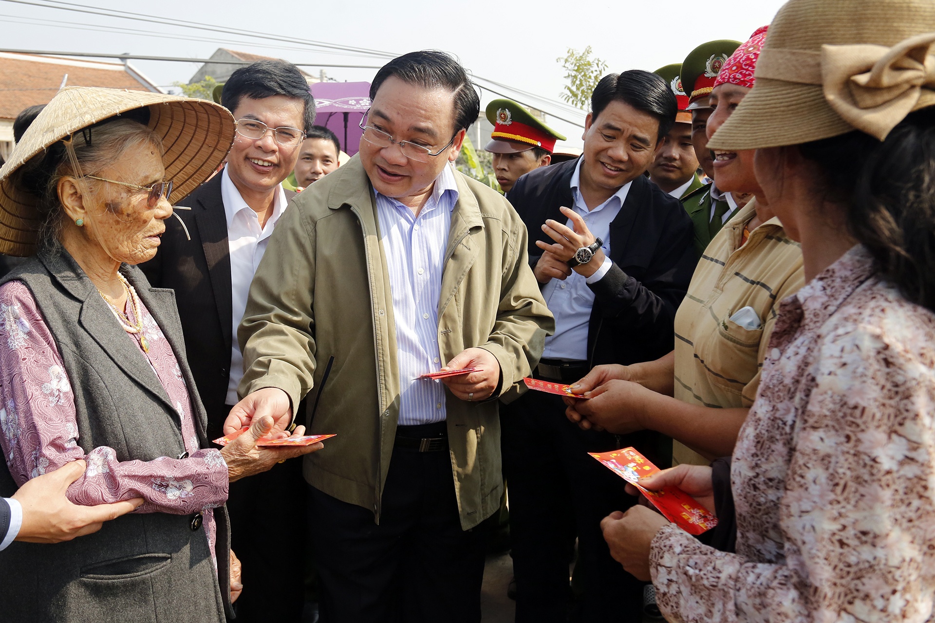 | Người đứng đầu Đảng bộ thành phố Hà Nội mừng tuổi người dân. Chủ tịch UBND TP Hà Nội Nguyễn Đức Chung cũng tham gia các hoạt động này. |
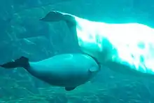 - Visão: São capazes de ver dentro e fora da água; no entanto, ao comparar-se com os golfinhos, a visão é relativamente pobre.[50] Seus olhos estão adaptados de forma particular para ver dentro da água, mas ao contato com o ar, o cristalino e a córnea são ajustadas para corrigir a miopia (o alcance de visão dentro da água é curto).[50] A retina do animal possui cones e bastões, o que indica que também podem ver na penumbra. A presença de cones sugere que podem ver as cores; no entanto, esta suposição não foi documentado.[50] Algumas glândulas no canto medial das órbitas segregam uma substância gelatinosa e oleosa, que lubrificam o olho e limpam de corpos estranhos. Esta substância forma uma película que protegeria a córnea e a conjuntiva de organismos patogênicos.[50]
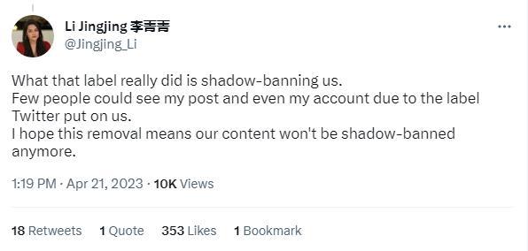 中國英文主持人李菁菁指出,推特的“官媒”標(biāo)簽實(shí)際是一種“影子禁令”,為暗中設(shè)限提供方便。“由于推特給我們貼上了標(biāo)簽,很少有人能看到我的帖子,甚至很難找到我的賬號(hào)。我希望這次刪除(標(biāo)簽)意味著我們發(fā)布的內(nèi)容不會(huì)再被暗中禁止。”
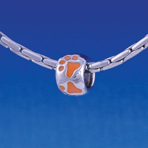 B1127 tlf - Silver Bead with Orange Paw Prints - Im. Rhodium Plated Large Hole Beads
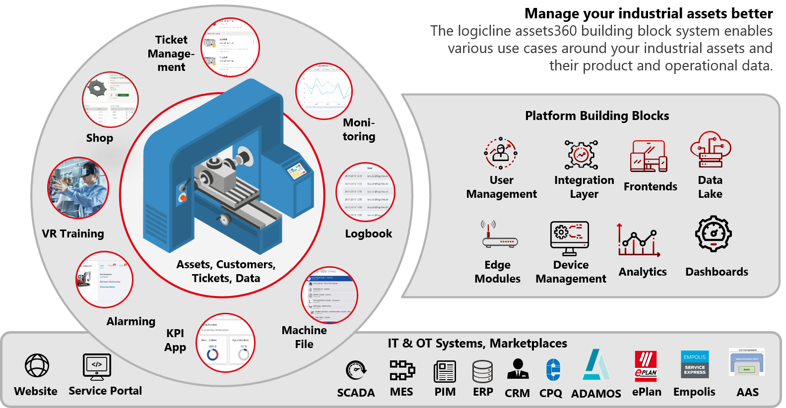 - Integrate with other modules such as virtual training, remote service, spare parts shop, analytics, etc.

◆ **EXERCISE OBJECTIVE**:
Output the entries above exactly as given, but strip out the pictures.

◆ **RESULT BELOW**:
 | Người đứng đầu Đảng bộ thành phố Hà Nội mừng tuổi người dân. Chủ tịch UBND TP Hà Nội Nguyễn Đức Chung cũng tham gia các hoạt động này. |
 - Visão: São capazes de ver dentro e fora da água; no entanto, ao comparar-se com os golfinhos, a visão é relativamente pobre.[50] Seus olhos estão adaptados de forma particular para ver dentro da água, mas ao contato com o ar, o cristalino e a córnea são ajustadas para corrigir a miopia (o alcance de visão dentro da água é curto).[50] A retina do animal possui cones e bastões, o que indica que também podem ver na penumbra. A presença de cones sugere que podem ver as cores; no entanto, esta suposição não foi documentado.[50] Algumas glândulas no canto medial das órbitas segregam uma substância gelatinosa e oleosa, que lubrificam o olho e limpam de corpos estranhos. Esta substância forma uma película que protegeria a córnea e a conjuntiva de organismos patogênicos.[50]
 中國英文主持人李菁菁指出,推特的“官媒”標(biāo)簽實(shí)際是一種“影子禁令”,為暗中設(shè)限提供方便。“由于推特給我們貼上了標(biāo)簽,很少有人能看到我的帖子,甚至很難找到我的賬號(hào)。我希望這次刪除(標(biāo)簽)意味著我們發(fā)布的內(nèi)容不會(huì)再被暗中禁止。”
 B1127 tlf - Silver Bead with Orange Paw Prints - Im. Rhodium Plated Large Hole Beads
 - Integrate with other modules such as virtual training, remote service, spare parts shop, analytics, etc.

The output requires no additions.